* _What the task asks_
Lines before the one containing "1. 졸음이 올 수 있으므로 운전, 위험한 기계조작 시 주의합니다." are not copied; that line and every one after it, through the end of the material below, are printed exactly, without pictures.

* _Given information_
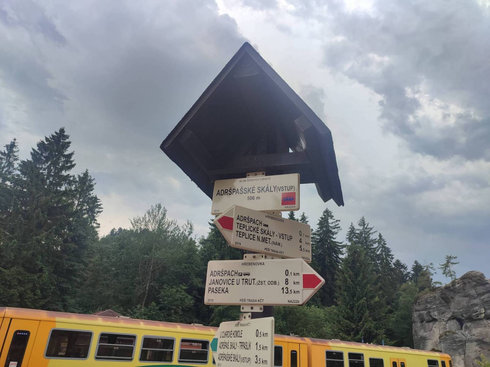 Wycieczkę po skalnym mieście zaczynam na płatnym parkingu w Adrspach. Zatrzymuje się tutaj również kolej. Bilety na parking jak również bilety wstępu warto kupić wcześniej przez internet. Ceny są niższe a i ilość miejsc ograniczona. Niestety nie udało mi się zrealizować planu, gdyż zaczęło dość mocno padać a miałem zamiar udać się jeszcze wąwozem wzdłuż potoku do Teplic. Z Teplic do miejsca startu można wrócić koleją-czas podróży to ok 10 minut.
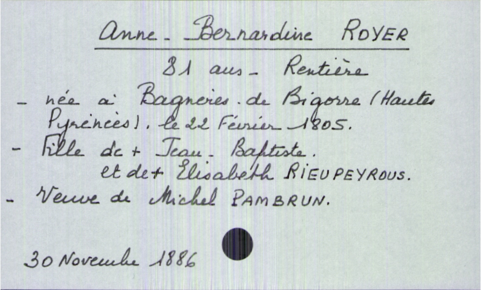 train | Tours | Index cards | 94fdf1d1-ad66-418f-863d-0c54922159f2 | <root><Décès><Défunt><Nom>Royer</Nom><Prénom>Anne-Bernardine</Prénom><Sexe>F</Sexe><Âge>81 ans</Âge><DateDeNaissance>22 février 1805</DateDeNaissance><LieuDeNaissance>Bannières-de-Bigorre (Hautes Pyrénées)</LieuDeNaissance><Statut>veuf(ve)</Statut></Défunt><Conjoint><Nom>Pamprun</Nom><Prénom>Michel</Prénom><Statut>décédé(e)</Statut></Conjoint><Père><Nom>Royer</Nom><Prénom>Jean-Baptiste</Prénom><Statut>décédé</Statut></Père><Mère><Nom>Rieupeyrous</Nom><Prénom>Elisabeth</Prénom><Statut>décédée</Statut></Mère></Décès><Année>1886</Année><Mois>novembre</Mois><Jour>30</Jour></root> | |
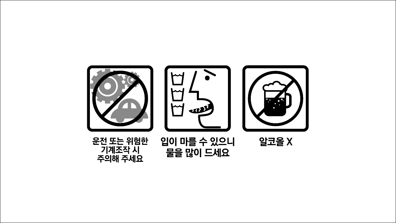 1. 졸음이 올 수 있으므로 운전, 위험한 기계조작 시 주의합니다.
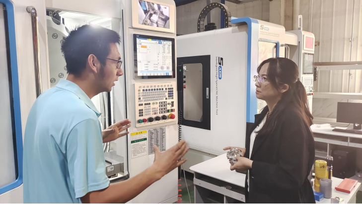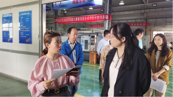 在1+X數(shù)控多軸加工中心侯蓉副院長與專業(yè)教師交流虛擬仿真教學與實訓融合應(yīng)用情況

* _Solution to the exercise_
 1. 졸음이 올 수 있으므로 운전, 위험한 기계조작 시 주의합니다.
 在1+X數(shù)控多軸加工中心侯蓉副院長與專業(yè)教師交流虛擬仿真教學與實訓融合應(yīng)用情況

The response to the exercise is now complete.